For M&T Concertos, if You are bold and must have them on the same CD, go for Heifetz (RCA), or if You need something modern with both together Kyung Wha Chung (Decca), If it is OK to split them, I just love David Oistrakh for *T* on DG Originals (wich will get You al lot of other Violin Candy!) and Yehudi Menuhin for *M* on EMI Great Recordings of the Century (with Beethovens VC)!

And of course there are a host of others to consider, but this is somewhere to start!

/ptr


----------



## Bone

Isaac Stern has a wonderful Mendelssohn/Tchaikovsky combo with Philly (in many ways, still my favorite recording of e minor). Ivan Moravec was my first Nocturne purchase: nothing too wild, nothing too conservative - but not bland at all.


----------



## KenOC

Re the Nocturnes, here's a startlingly unfashionable recommendation: Rubinstein. You can get them separately or as part of a bargain-priced 11-disc set.

http://www.amazon.com/Chopin-Collec...2&sr=1-3&keywords=chopin+nocturnes+rubinstein

(added: I see ptr already mentioned these...)


----------



## Vaneyes

Chopin Nocturnes - Barenboim, Feltsman.

Mendelssohn VC - Lin/MTT.

Tchaikovsky VC - Repin/Gergiev.


----------



## Ukko

For the nocturnes, Weissenberg _and_ Earl Wild. Weissenberg takes them out of the parlor; Wild was the last Romantic virtuoso pianist.

For the concertos, _ptr_'s recommendation of Heifetz/Munch/Boston Symphony Orchestra is seconded.
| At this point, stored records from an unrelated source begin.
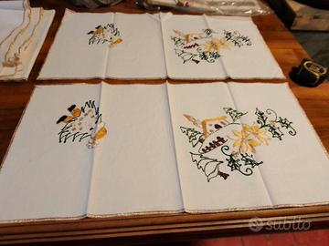 tovaglia vintage natalizia ricamata a mano in puro cotone, con fili dorati nuova mai usata set 5 pezzi
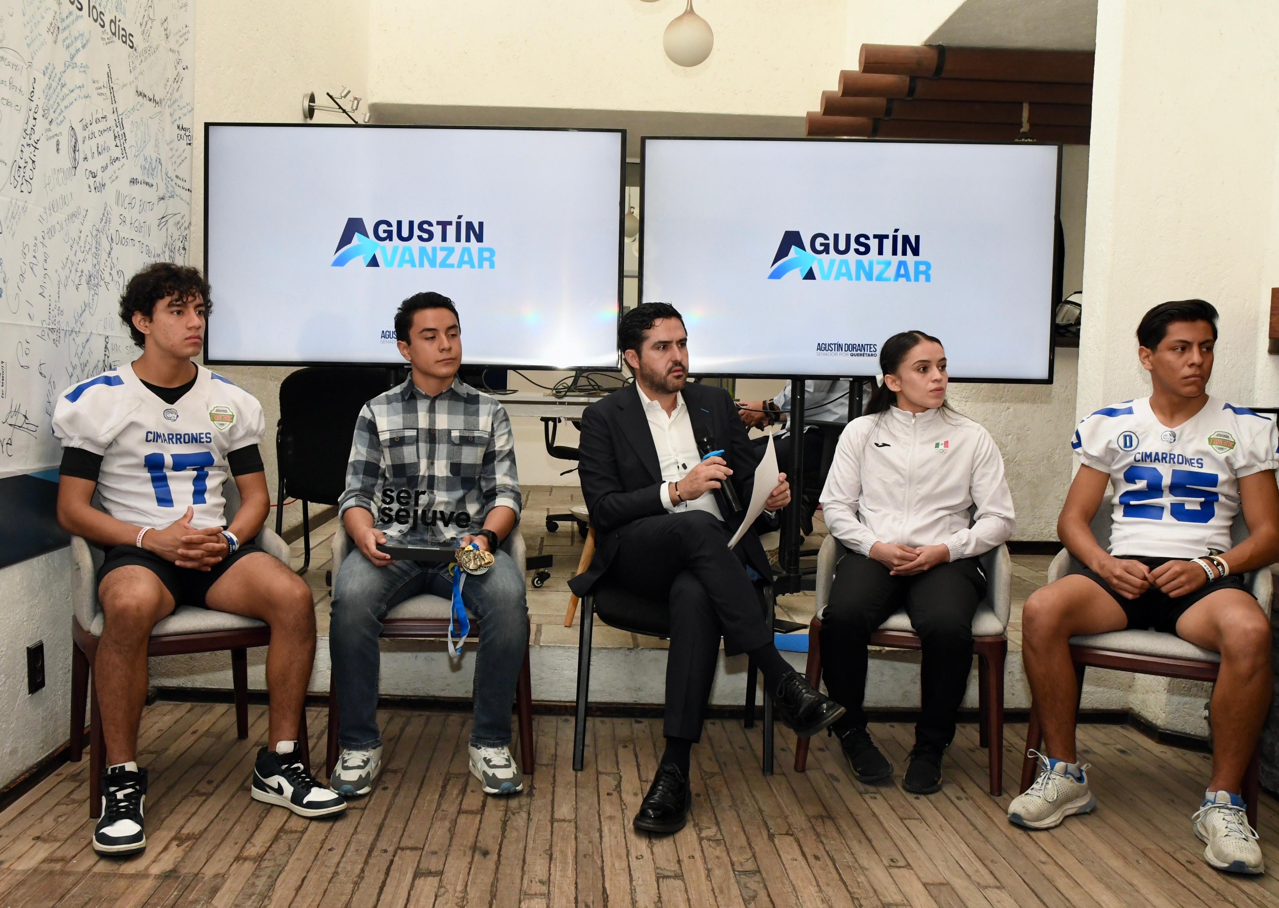 El senador estuvo acompañado de jóvenes atletas queretanos, entre ellos Leonardo Alarcón Montes y Axel Cruz Cano, seleccionados nacionales de futbol americano; Santiago Aldair Ángeles Reyex, Premio Estatal de la Juventud en Labor Social; y Karla Abigail Acosta Martínez, medallista de plata en Lucha Olímpica en los Juegos Centroamericanos 2023, quien actualmente se prepara rumbo al ciclo olímpico de Los Ángeles 2026.
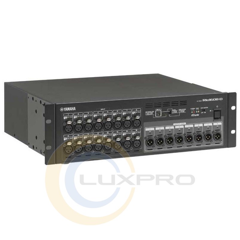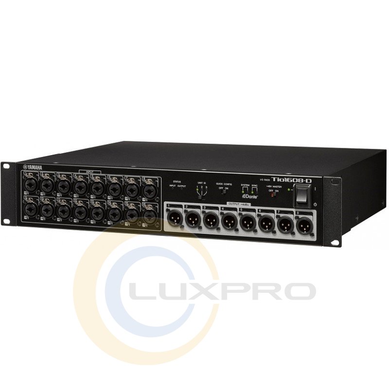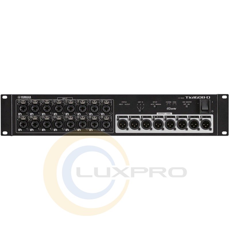YAMAHA Tio1608-D - рековий стейджбокс I / O оснащений 16 мікрофонними / лінійними входами і 8 лінійними виходами. Стейджбокс YAMAHA Tio1608-D обладнаний тими ж мікрофонними передпідсилювачами D-PRE що і мікшерні консолі серії TF для екстраординарного натурального і музичного звучання. Спільно з консолями TF можливе використання до 3 YAMAHA Tio1608-D.
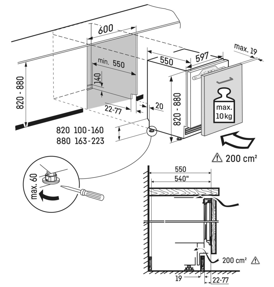 Ширина корпуса электроприбора. Особенно важно точно знать точную допустимую ширину для встраиваемой техники.
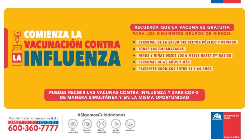Este sábado 28 de mayo continúa la campaña de vacunación contra la influenza, inoculación que es comandada por el Ministerio de Salud y que se entrega de manera gratuita para quienes pertenezcan a los grupos de riesgo, y para lo cual solo es necesario presentar el carnet de identidad, al igual que con el proceso de vacunación contra el Covid-19, que se desarrolla de forma paralela.

The Living Stereo sound is excellent; my only hedge is that if your player does SACD, listen to the Mendelssohn in stereo.


----------



## Vaneyes

Hilltroll72 said:


> For the nocturnes, Weissenberg _and_ Earl Wild. Weissenberg takes them out of the parlor; Wild was the last Romantic virtuoso pianist.
> 
> For the concertos, _ptr_'s recommendation of Heifetz/Munch/Boston Symphony Orchestra is seconded. The Living Stereo sound is excellent; my only hedge is that if your player does SACD, listen to the Mendelssohn in stereo.
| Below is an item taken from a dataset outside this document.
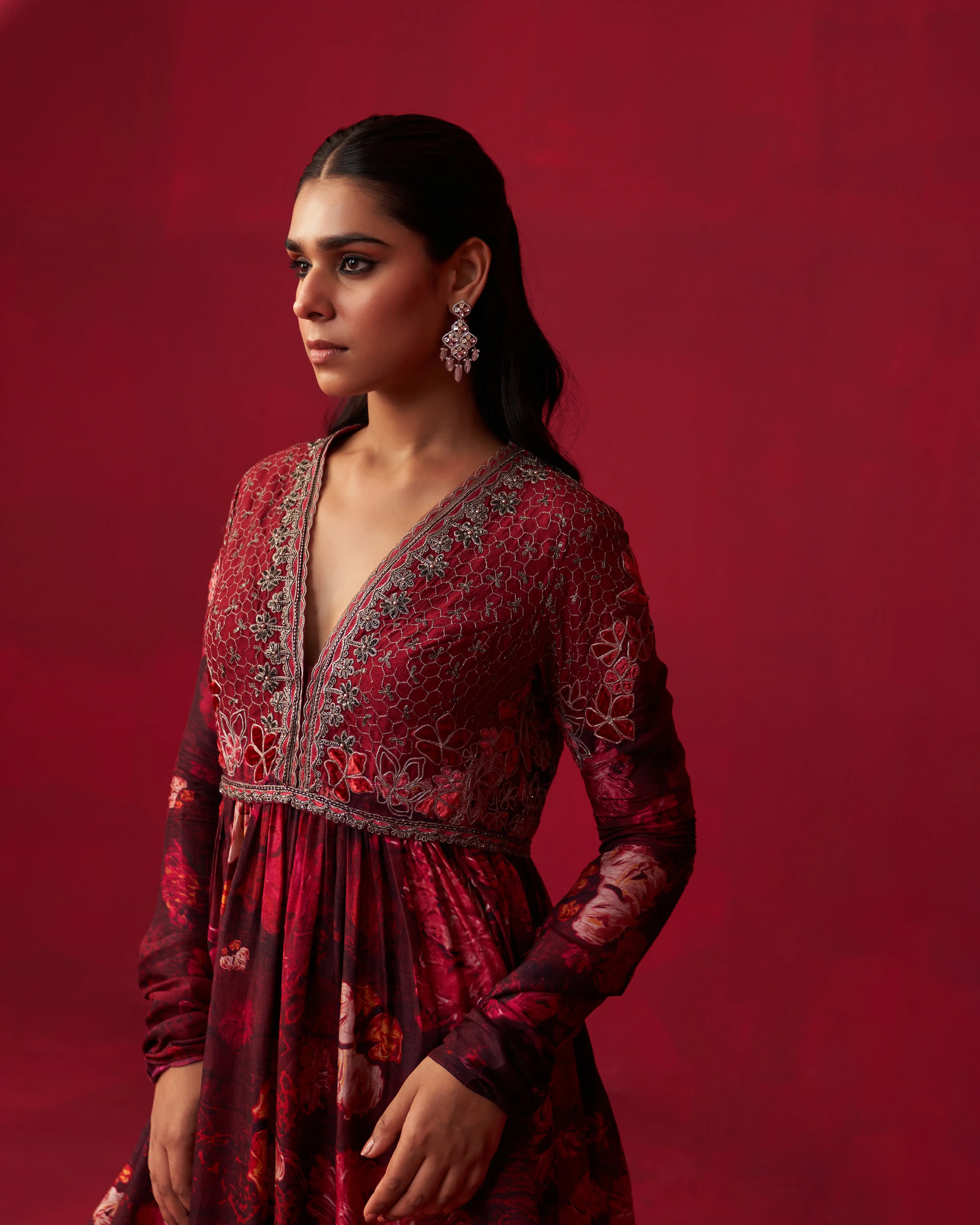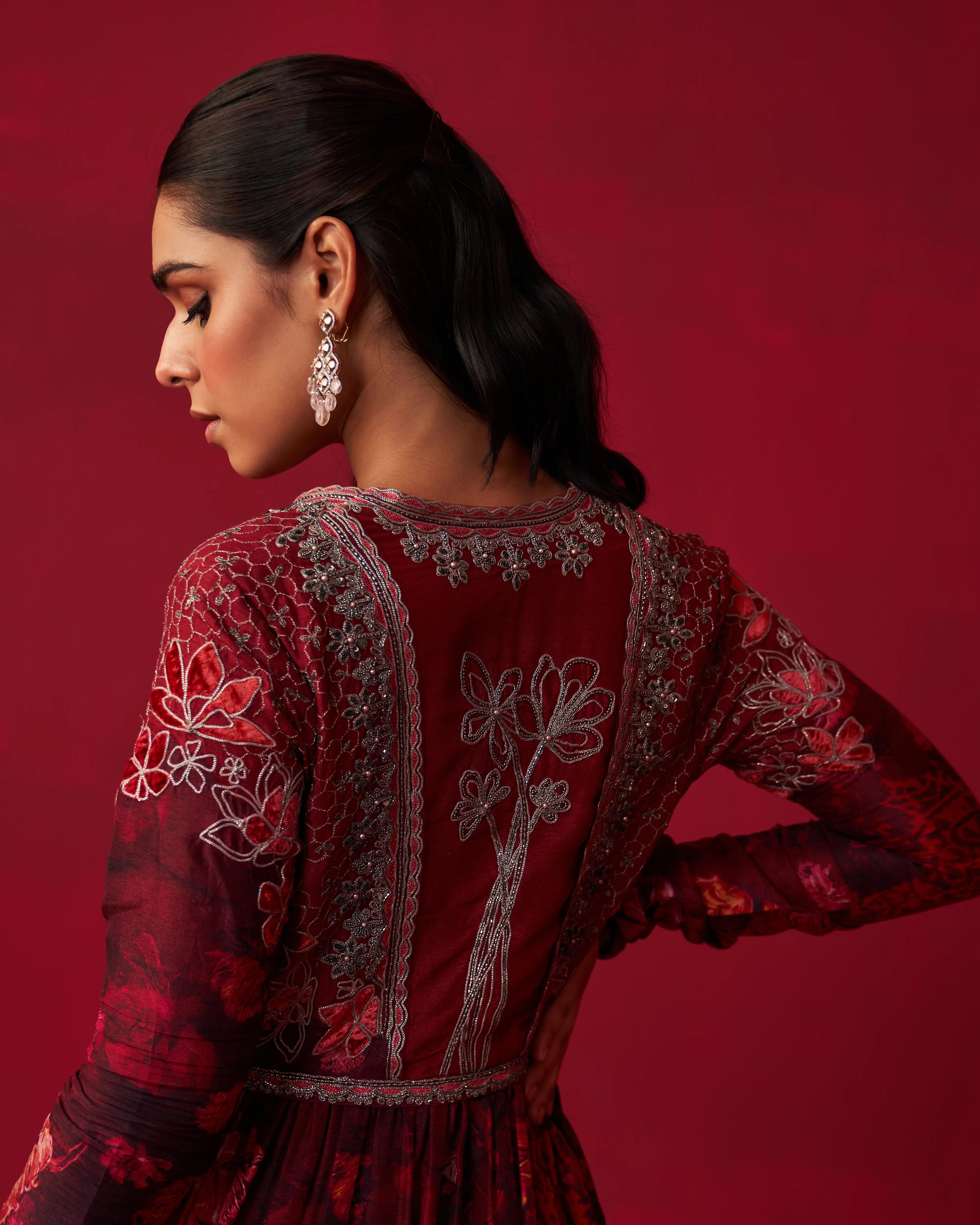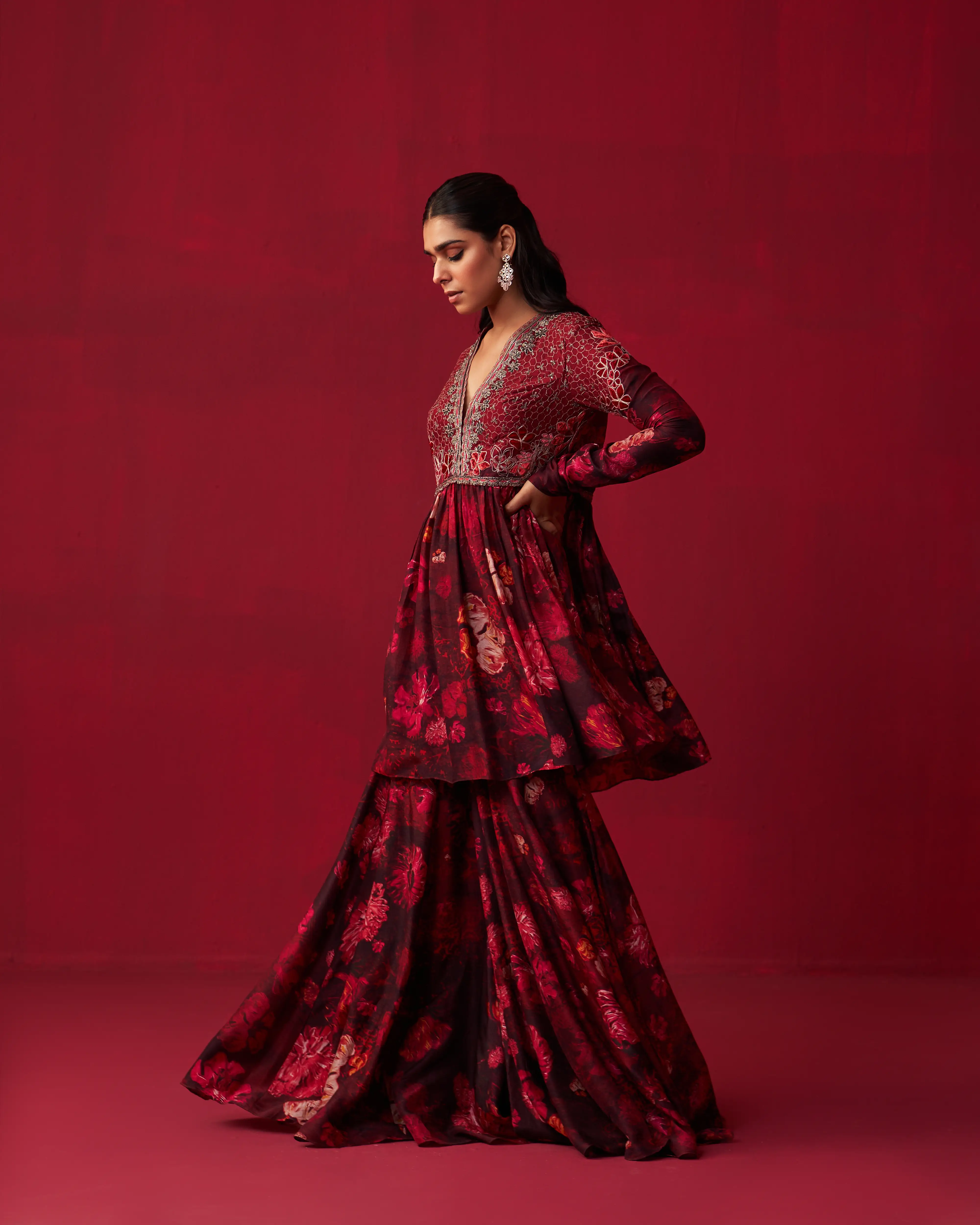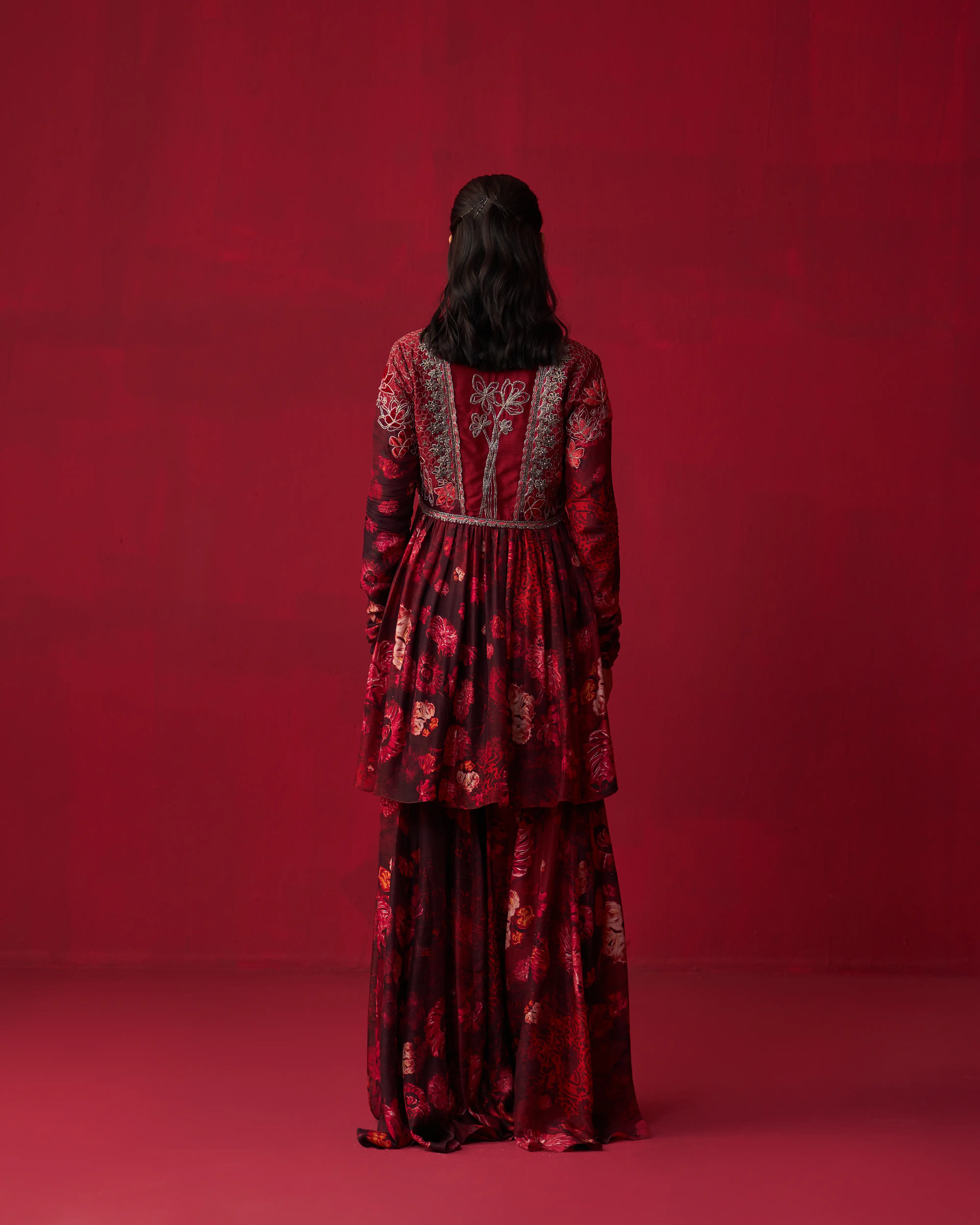 • Pink Russian Silk floral printed short anarkali with velvet patch embroidered bodice, paired with sharara

I've been meaning to hear the Weissenberg, thanks for reminding. I quite enjoyed some of his irreverential Debussy on RCA. I wouldn't/don't make this my first-listens, but they are refreshing listening changes when the circumstances allow.


----------



## kv466

I know you love this pic, Van! lol










Row, Earl, row!


----------



## ScipioAfricanus

Arthur Rubinstein or Tamas Vasary are the cream of the crop.


----------



## ptr

kv466 said:


> Row, Earl, row!


Fun pic! .. With some shameful guilt I have to admit that I have not heard this set, The Wild is always being very entertaining I'll have to put it on the wishlist!

/ptr


----------



## worov

Here are a few Nocturnes recordings.

(My subjective taste, on decreasing order):

1. Arthur Rubinstein (RCA - Arguably the best interpreter of the nocturnes, perfectly capturing the emotional and lyrical character of these pieces).

2. Claudio Arrau (Phillips – A really deep and spiritual rendering of the nocturnes, making an intriguing contrast with Rubinstein above. Highly recommended)
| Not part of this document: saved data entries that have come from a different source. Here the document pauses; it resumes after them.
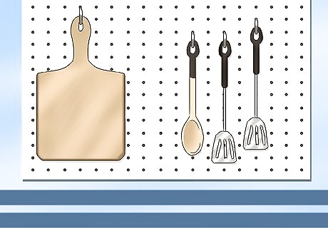 Install a pegboard for storing small utensils. Go to the hardware store and buy a rectangular piece of pegboard, as well as some hooks that are designed for pegboard use. Pegboards come in many sizes, so choose what suits your wall space best. Hang cooking utensils or other kitchen items for quick access. You’ll also need a minimum of four screws to secure the board to the wall at the corners.
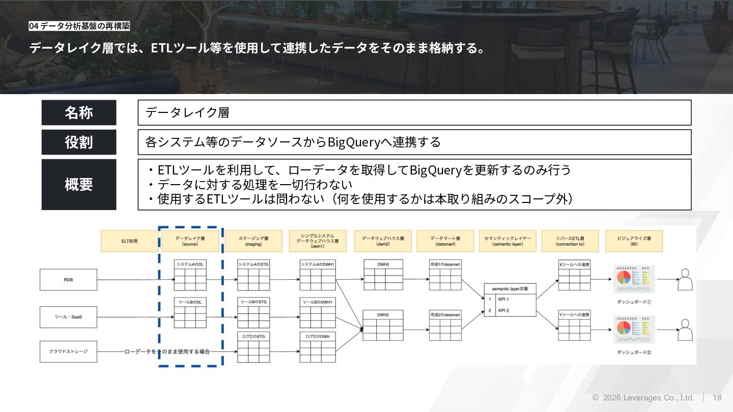 18 © 2026 Leverages Co., Ltd. データレイク層では、ETLツール等を使⽤して連携したデータをそのまま格納する。 04 データ分析基盤の再構築 ‧ETLツールを利⽤して、ローデータを取得してBigQueryを更新するのみ⾏う
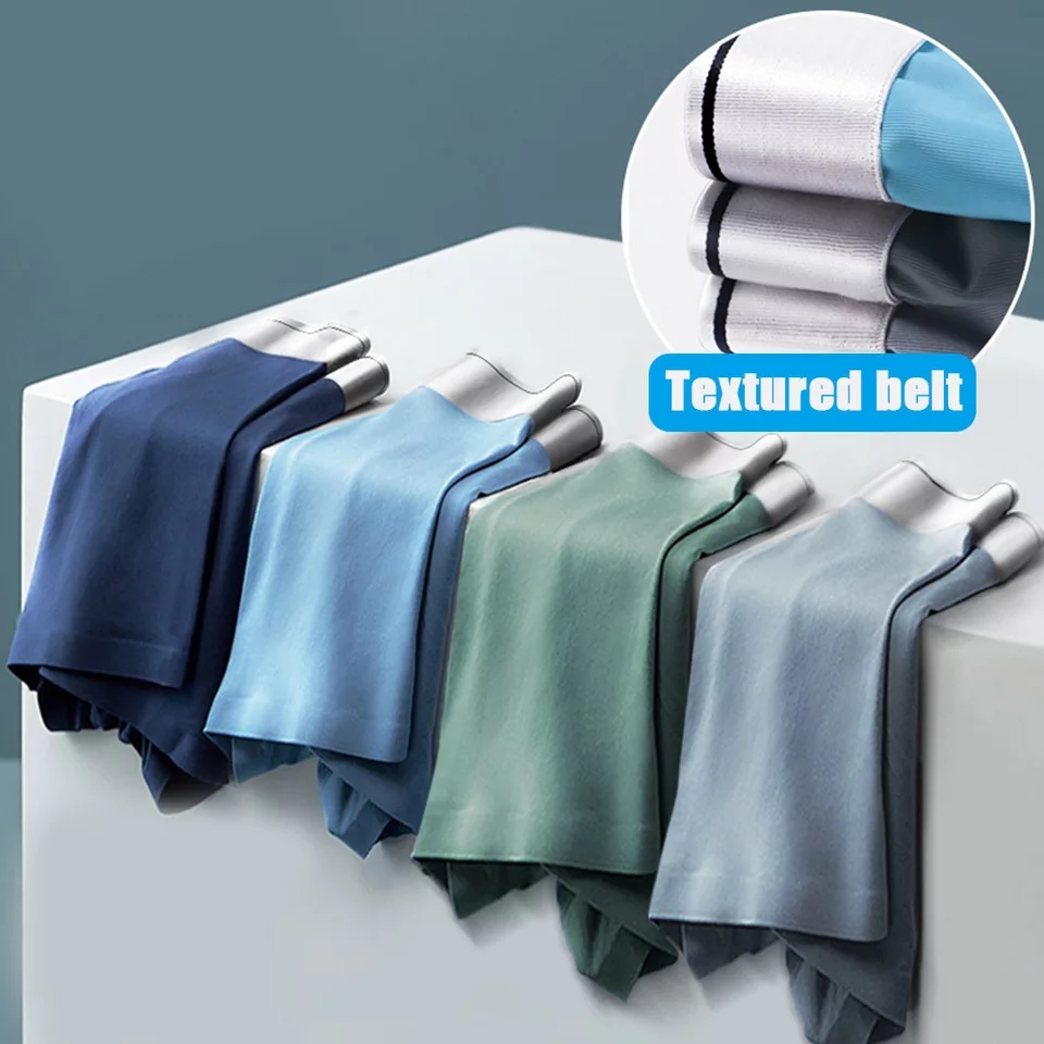 (3 Pcs) Men Underwear Men's Basic Ice Silk seamless Boxer Shorts Comfortable thin breathable Plus Size Men's Panties Underpants

3. Alfred Cortot (while Rubinstein was emotional, Arrau spiritual, Cortot is poetic. No one phrases Chopin like Cortot)

4. Ignaz Friedmann (Pretty wonderful.)

5. Andrzej Wasowski (Concord Classics)

6. Ivan Moravec (WEA – some people consider this the best ever recorded set of the Nocturnes).

7. Maria João Pires (DG – Beautiful interpretations totally devoid of sentimentality)

8. Tamas Vasary (DG - Although very underrated, Vasary is one of may favourite Chopin interpreters).

On the other hand, Pollini, Ashkenazy, and Baremboin left me completely indifferent.


----------



## kv466

Not gonna say they're the best renditions of these although I feel a couple of them are. The OP, however, asked for the most passionate and these not only rank high among those but they are well worth a listen by anyone. 

Now, if we're gonna talk etudes,...Earl's are without a doubt in my mind the finest.


----------



## Op.123

The best for Mendelssohn's is definitely Heifetz with Thomas Beecham.


----------



## WJM

Chopin Nocturnes - I think Rubinstein's stereo recording is the best available. From others also Ivan Moravec. Daniel Barenboim's set is good too, maybe not as outstanding as Rubinstein's, but it contains two more non-opused works which are ommited in other sets.


----------